The figure below shows the top 2 user-agent query percents for 341 subgraphs. This shows whether there is a dominating pattern in a subgraph with the top user agents per subgraph. This figure shows the top 2 user-agent query percents for 341 subgraphs. This shows whether there is a dominating pattern in a subgraph with the top user agents per subgraph.
The figure below shows 100 subgraphs with their user agent query usage distribution in percents. Usage greater than 50% is marked in red. A birds-eye view of the plots shows how some subgraphs have a dominating user agent while most subgraphs have at least 1 or 2 user agents that query the most.
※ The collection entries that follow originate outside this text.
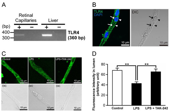 LPS is known as a ligand for TLR4 [17]. In the RT-PCR analysis, amplified products of TLR4 mRNAs were detected in the retinal capillaries (Figure 2A). In addition, immunoreactivities of TLR4 proteins were detected on both the luminal (arrows) and abluminal (arrowheads) membranes of the retinal capillary endothelial cells (Figure 2B). With the addition of TAK-242, a TLR4 inhibitor [18], at a concentration of 1 µg/mL and LPS, luminal NBD-CSA fluorescence was increased to that in control (Figure 2C,D).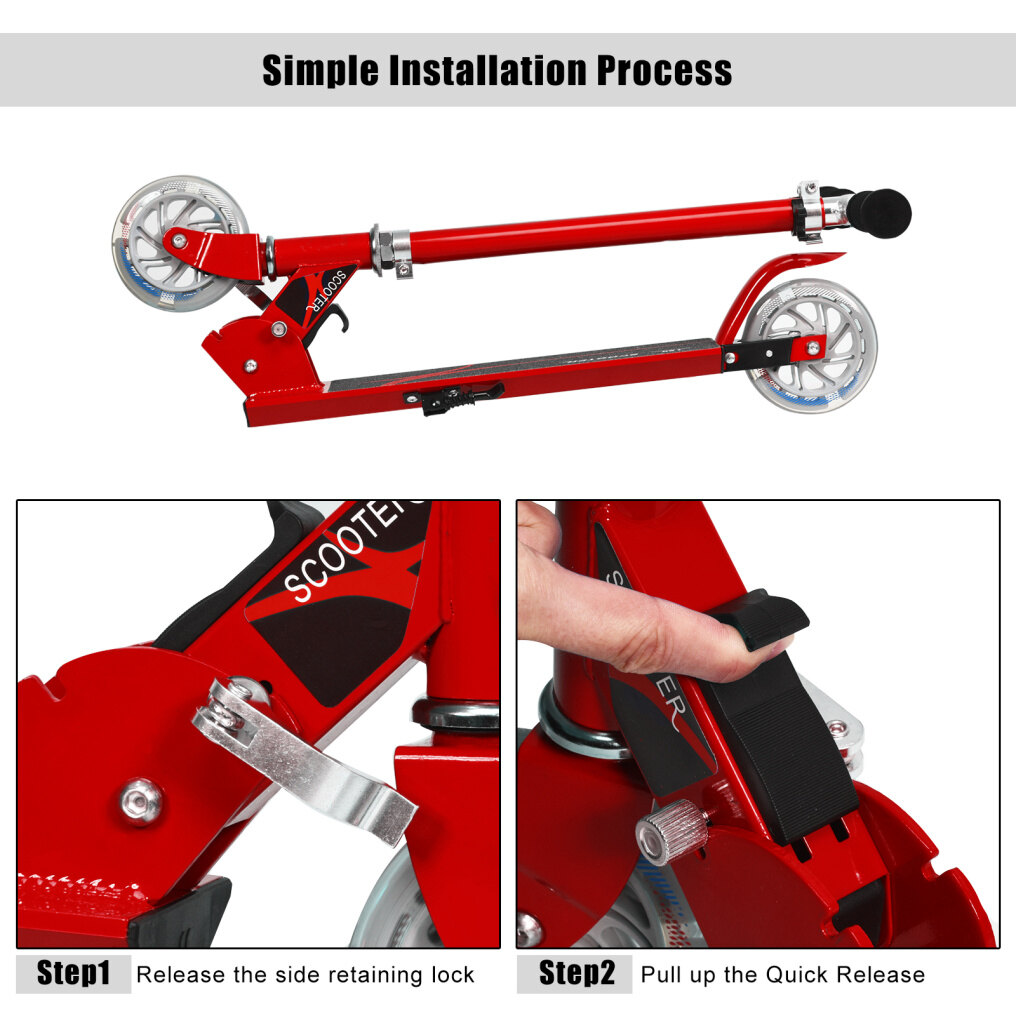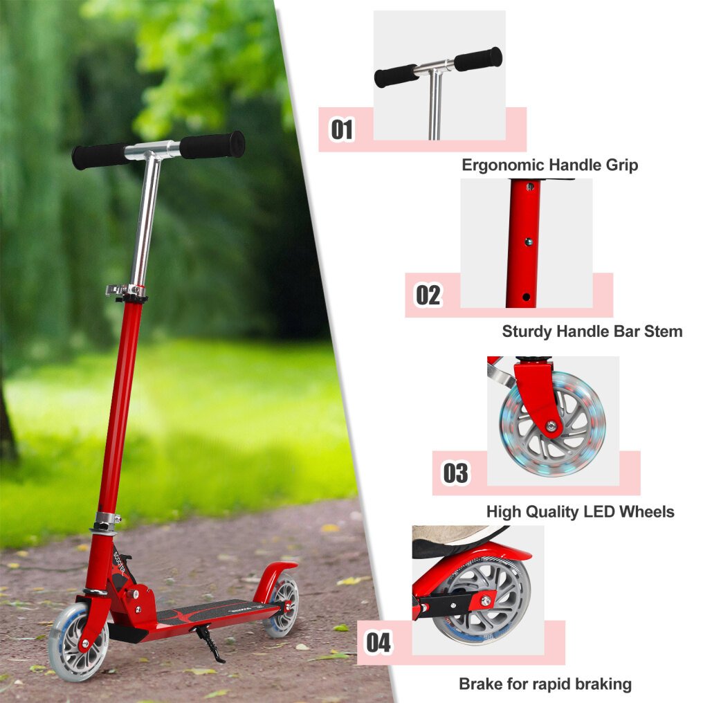 The scooter has PU wheels that are smooth and quiet; the high quality bearings reduce vibration and make a smoother ride. The rear wheel features LED light makes the children enjoy. The height is adjustable in three levels to meet children at different ages.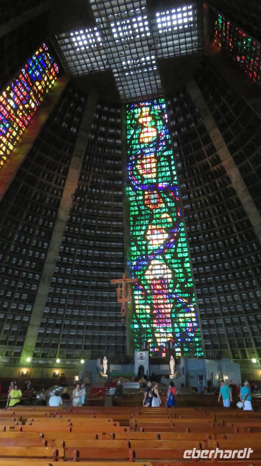 Aber irgendwie stimmten die Wetterbedingungen nicht so ganz und Rio empfing uns mit Regen und grauem statt blauem Himmel. Aber wir hatten unseren eigenen Sonnenschein dabei. Iolanda unsere Reiseleiterin, empfing uns mit so viel Freundlichkeit, dass wir uns unheimlich wohl fühlten. Wir änderten heute direkt das Programm und fuhren somit zunächst erst einmal ins Hotel. Nach dem Mittagessen verschoben wir die Auffahrt zum Zuckerhut auf den nächsten Tag und unternahmen stattdessen eine kleine Stadtrundfahrt. Zunächst beeindruckte uns die Kathedrale Metropolitana. Wenn man es nicht wüsste, würde man vermutlich nicht auf die Idee kommen, dass es sich bei diesem imposanten Gebäude um eine Kathedrale handelt. Anschließend ging es zum wohl berühmtesten Stadion der Welt, dem Maracana. Neben diesem Höhepunkt fuhren wir auch noch am Sambadrom, welches von Oskar Niemeyer erbaut wurde, vorbei. Im Regen sah leider alles ein wenig trist aus und so verkürzten wir die Stadtrundfahrt und hofften auf ein besseres Wetter am nächsten Tag. Am Abend gingen einige noch einmal raus und ließen sich das erste brasilianische Bier und na klar, den ersten Caipirinha schmecken.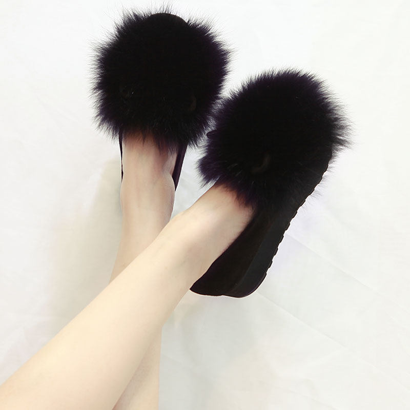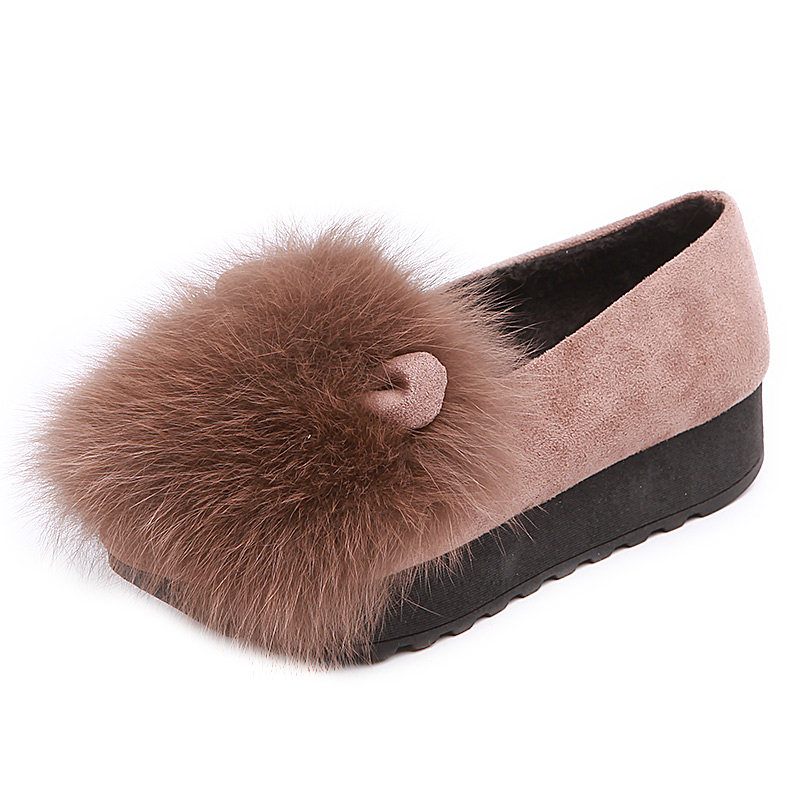 Europe station fox fur shoes women's spring autumn Korean version 2022 new one foot pedal plus suede single shoes thick bottom bean-bean shoes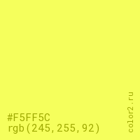 Цвет #F5FF5C в цветовой модели RGB обозначается тремя октетами (245, 255, 92) в десятичном формате и #F5FF5C в шестнадцатиричном (hex) формате, которые являются интенсивностью красного 245 (hex F5), интенсивность зелёного 255 (hex FF) и интенсивность синего 92 (hex 5C).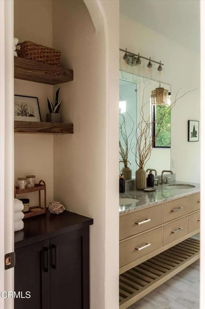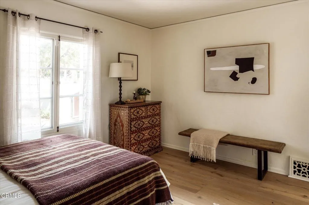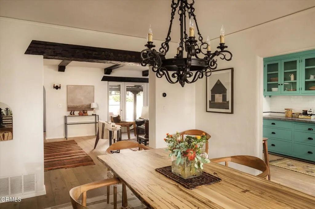 A stunning example of Spanish Revival architecture, this 1924 residence exudes timeless elegance and authentic character at every turn. Thoughtfully preserved and enhanced, the home's charm begins at first glance--its classic clay tile roof, arched wood post front porch, and walled courtyard entrance framed by lush professional landscaping convey both its historic pedigree and enduring beauty.Inside, the home retains its 1920s craftsmanship with beamed ceilings in the living and dining rooms, and a magnificent fireplace adorned with original Spanish tiles as the centerpiece. A gracious wide doorway with an exposed wood header connects the living room to the dining area, offering a sense of openness while maintaining architectural distinction between the spaces.The remodeled kitchen blends modern convenience with traditional style--featuring stone countertops, a farmhouse sink, stainless steel appliances, an extra prep sink, and thoughtful design details that elevate everyday living.The primary suite is a true retreat, with vaulted ceilings that enhance the volume and light of the room. The primary bath has been beautifully updated with a stand-alone soaking tub, marble-topped vanity, and a picture window framing serene views. Throughout the home, casement windows and French doors open to the outdoors, leading to a terracotta-tiled patio accented by handcrafted Spanish tile details--perfect for al fresco dining or quiet mornings.Completing the property is a beautifully finished ADU, offering a living area, full kitchen, and bedroom, all designed with the same care and attent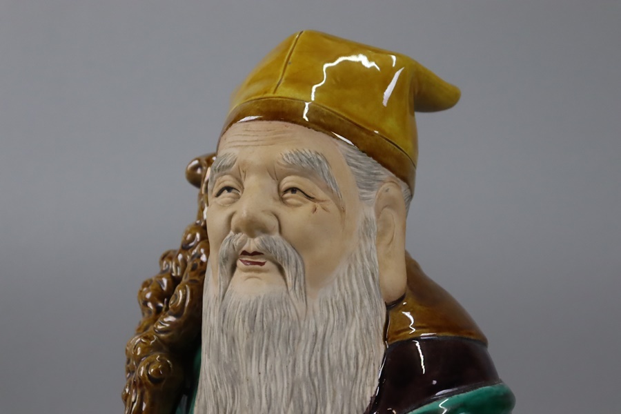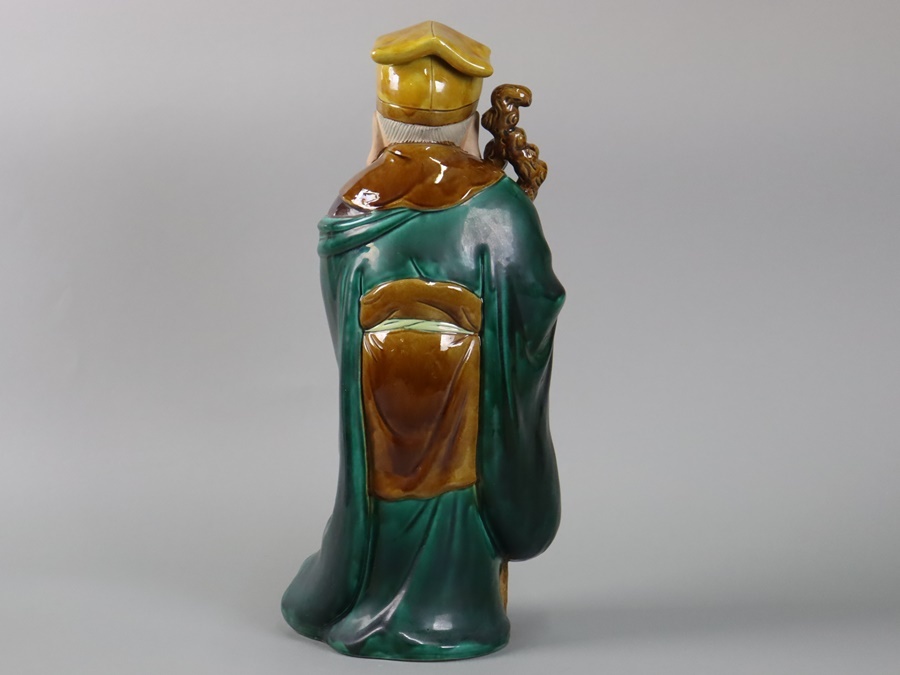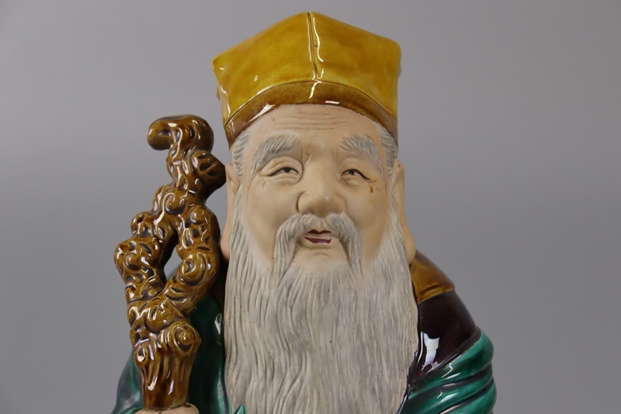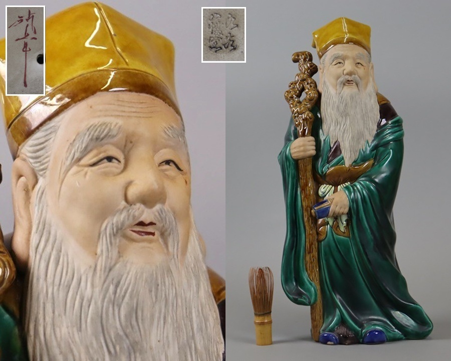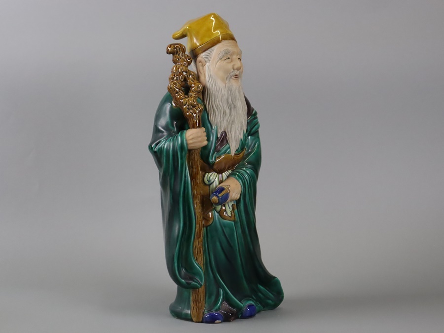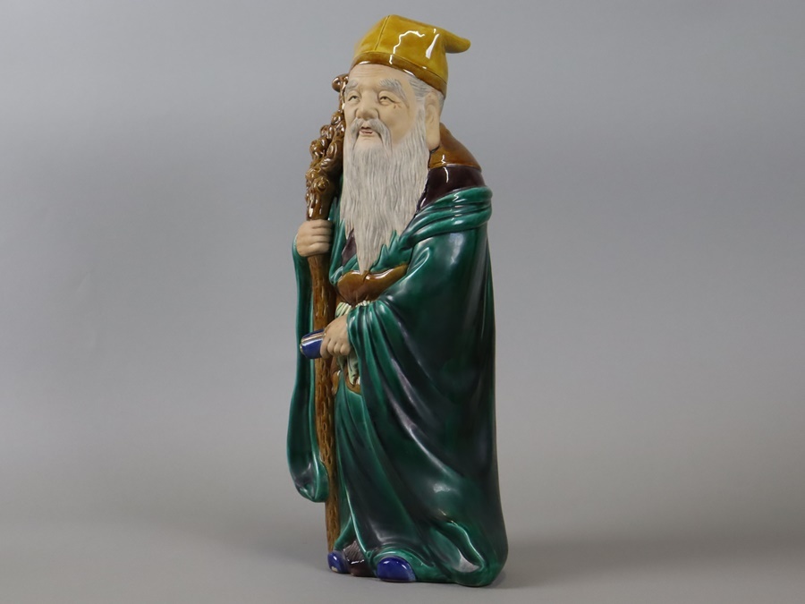 【時代 九谷焼 八幡窯 色絵 寿老人 置物 高49cm】

The rest of the user agents form the long tail 10% of the distribution This figure shows 100 subgraphs with their user agent query usage distribution in percents. Usage greater than 50% is marked in red. A birds-eye view of the plots shows how some subgraphs have a dominating user agent while most subgraphs have at least 1 or 2 user agents that query the most. The rest of the user agents form the long tail 10% of the distribution.